I noticed recently when I tried to rename the footer element ID to ‘footer’, it changes the design, but changing it to anything else it then behaves like normal. I presume certain element names may be reserved/protected? But in that case, it should throw a message if it’s not meant to be used. If it’s allowed (as I assume it should be), then the bug would be that it’s changing the design once used.
Ahhh, interesting. So I had a CSS ID name of “footer” (on the element itself under the CSS tab > CSS ID), but there was no custom CSS code or anything like that. Was almost like there’s a conflict between the name of the element ID and the name of the CSS ID on the element, they can’t be the same name I guess.

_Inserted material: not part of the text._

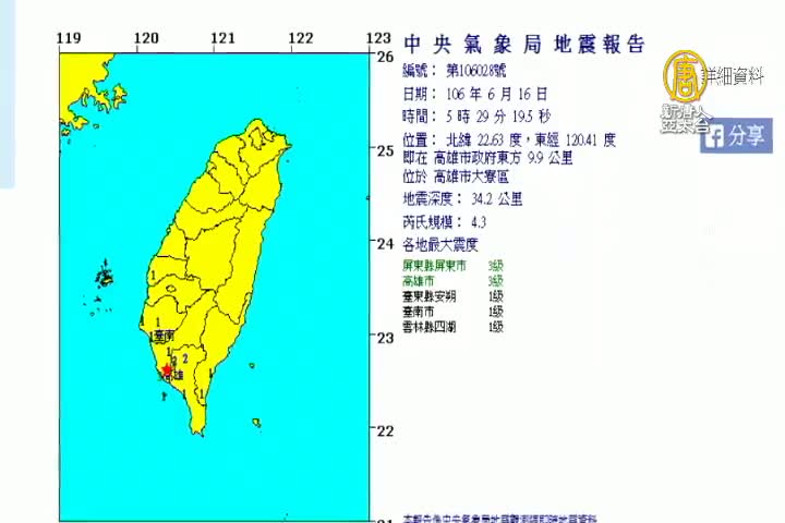 【新唐人亞太台 2017 年 06 月 16 日訊】歡迎回來。南台灣今天清晨發生一起有感地震,芮氏規模達4.3。在清晨5時29分,震央在高雄市大寮區,震源深度34.2公里,最大震度3級,在高雄市和屏東市。
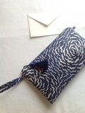 きれいな作品ありがとうございました。布の色に合わせたタッセルがかわいいです。▼フラットポーチは、今使っている8インチのタブレットにぴったりの大きさです。こんなかわいいポーチから、大きなタブレットがでてくる意外性?▼取っ手付きしっかりめポーチは、着物を着たときの小バッグにします。浴衣でも使えますね。

If true, then it might be a better user experience if users were able to see a note (or won’t save) changes if there’s ID name conflicts, may be good to consider that for future releases.
I assume you styled that element with the default ID before you gave that element a new ID. Then you give that element a different ID. So, that was why the styling was lost?
I think I had assigned a CSS ID simply because I thought that was how to name them, and that didn’t actually rename the element itself. So once I tried to rename the element I had forgotten about the CSS ID named earlier and even though it’s the exact same name it seemed to be an issue. Interestingly, renaming the element ID the way I did it most recently also sets the CSS ID to the same name too. So I guess the bug is if doing it in reverse order I suppose, where one sets a CSS ID without renaming the element itself, then renaming the element to match the CSS ID will break it.